Page 25
Story: The Briar Club
Grace waggled a hairpin in a lock-picking motion and slid it back into the knot of her hair, switching on the nearest lamp. She looked down at the howling Angela, at Fliss’s crumpled skirts and twisted stockings—the same clothes she’d been wearing upstairs at noon to watch the nuclear test—and her mouth crimped. “Oh, my.”
Fliss cringed, waiting for the contempt. BadmotherbadmotherBADMOTHER—
“So you’re human after all, Bubble and Squeak.”
Grace reached down, picking up Angela with a soothing pat. “Let me mind the goblin. You change into something comfortable.”
Fliss didn’t think she had the energy to get up, but it seemed like it would take more energy to resist Grace. She managed to wash up and pull on a pair of pale blue pedal pushers and a checked blouse, then tied her limp blond hair up in a bandanna and came out to see Grace feeding Angela some cut-up strawberries, or trying to. “It’s early but I’m betting she’ll sleep if we put her down,”
Grace said. “All tuckered out from yelling, this one is.”
Fliss took Angela, flushing dully as she noticed Angela had on a fresh romper and knickers.
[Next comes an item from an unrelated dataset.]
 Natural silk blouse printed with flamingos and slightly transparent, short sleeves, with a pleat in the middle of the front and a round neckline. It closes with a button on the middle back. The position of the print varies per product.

Of course she’d wet herself; Fliss hadn’t taken her to go potty for hours. “Just... just say it, Grace.”
“Say what?”
“I’m not fit to be a mother.”
Finally it was out. Finally people knew . It was almost a relief.
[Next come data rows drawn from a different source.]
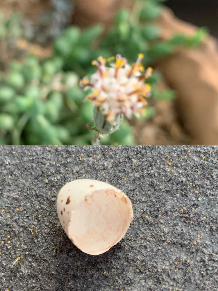 朝の多肉とつばめパトロールでピーチネックレスに花が咲いていたのと、つばめ、ちゃんと2週間で雛が孵化し、今年も一番最初に孵った雛の卵の殻を、人間が分かる場所に落として教えてくれます♪🐣2匹目以降の卵の殻はちゃんと親鳥が遠くに咥えて捨てに行くんですよ。賢いです。もう1週間もすれば可愛い雛の餌をねだる声が聞こえてくる事でしょう🐤とても楽しみです✨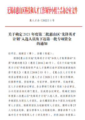 喜訊|數字園三名高層次人才入選2021年度第二批惠山區“先鋒英才”計劃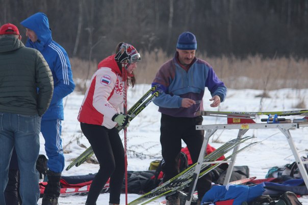 Игорь Усиков (спортшкола 101 "Тушино") готовит лыжи своей воспитаннице Карине Борткевич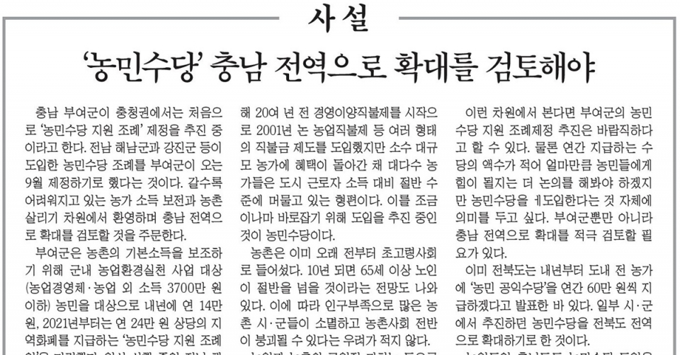충남 부여군이 충청권에서는 처음으로 ‘농민수당 지원 조례’ 제정을 추진 중이라고 한다. 전남 해남군과 강진군 등이 도입한 농민수당 조례를 부여군이 오는 9월 제정하기로 했다는 것이다. 갈수록 어려워지고 있는 농가 소득 보전과 농촌 살리기 차원에서 환영하며 충남 전역으로 확대를 검토할 것을 주문한다.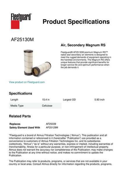Fleetguard® AF25130M premium Magnum RS™ radial seal secondary air elements is designed to meet the rugged demands of equipment operating in the harshest environments. The Magnum RS offers unique features that provide significant benefits for longer service life and optimum performance when the job demands it.Specification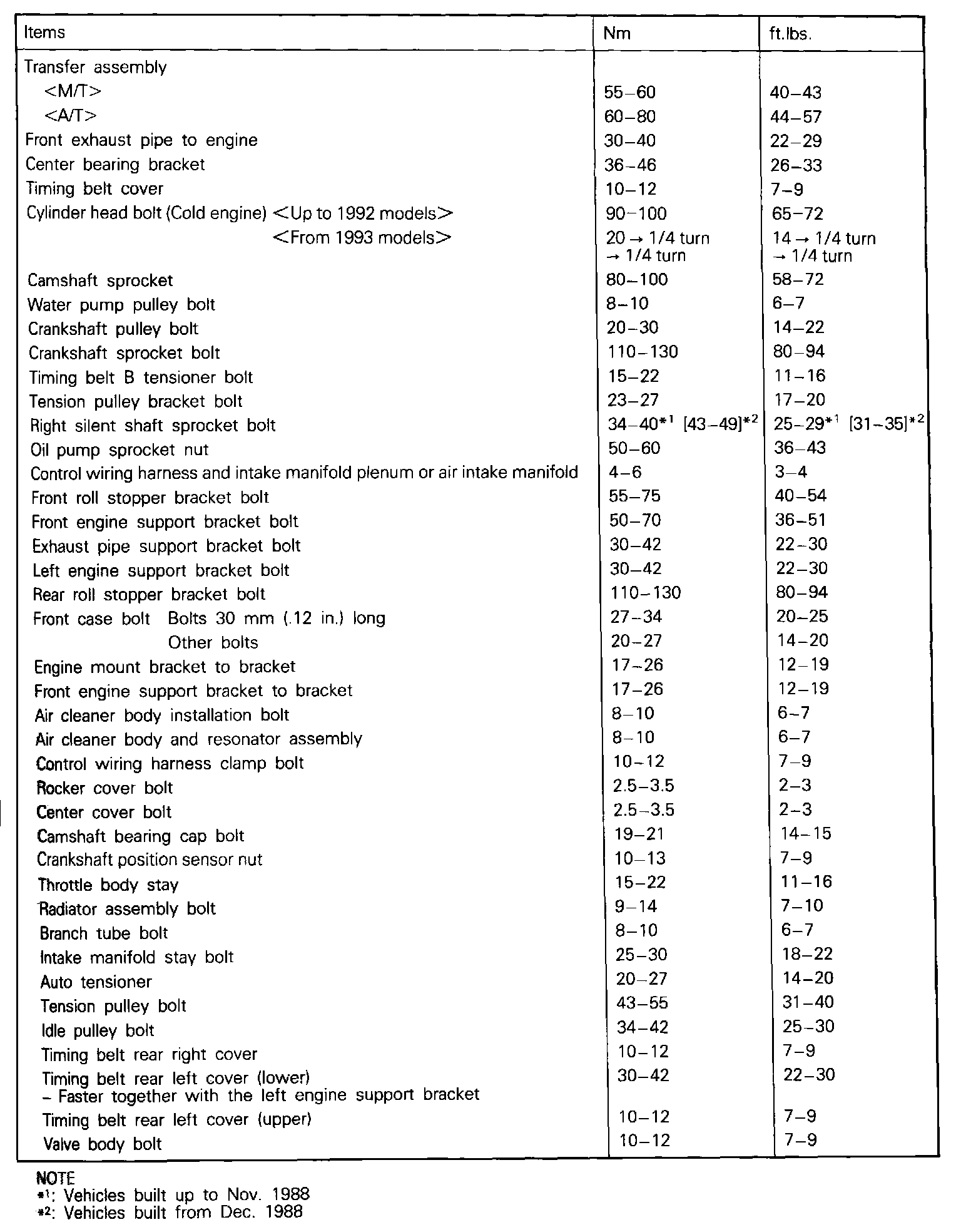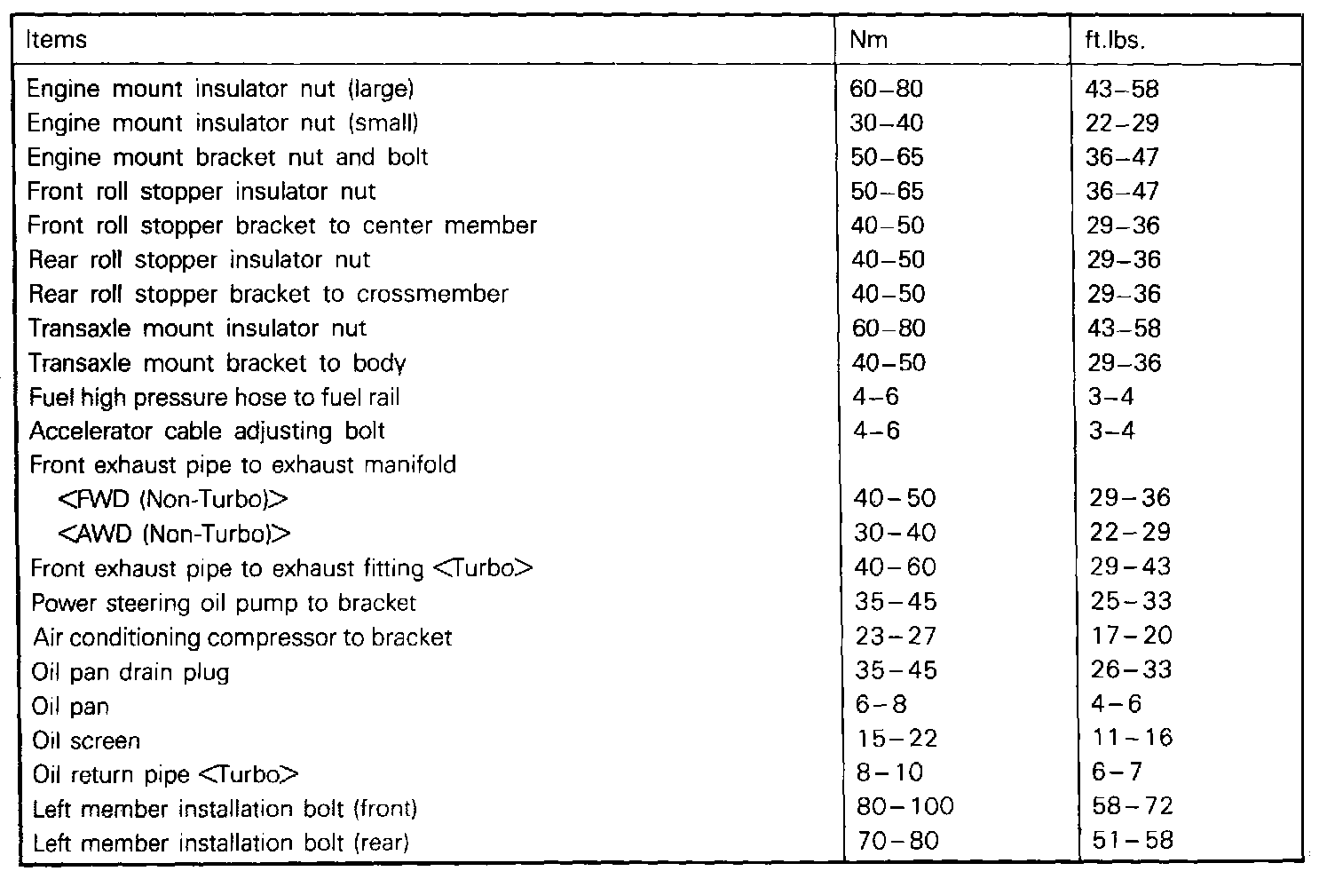 Torque Specifications

“Oh, honey. She’s alive, she’s plump, and she’s got lungs to tell the whole world how much she hates strawberries. You’re doing fine. I don’t know what lofty ideal of motherhood you were sold, but let me tell you: there isn’t a mother born who doesn’t want to drop her two-year-old out a window from time to time.”
She sounded so unworried, as if it were nothing for a mother to have such thoughts. Grace never seemed to worry about anything—even if everyone else was irritated or snapping, even if there was a literal nuclear blast on the television, she just calmly carried on. I wish I could be more like that , Fliss thought, taking Angela back. I wish I could have a gift for not worrying. But she worried all the time...
“Don’t yike,”
Angela said as Fliss carried her to the white-painted cot with its fluffy pink blankets and wriggled her into a tiny nightdress. “Don’t yike ,”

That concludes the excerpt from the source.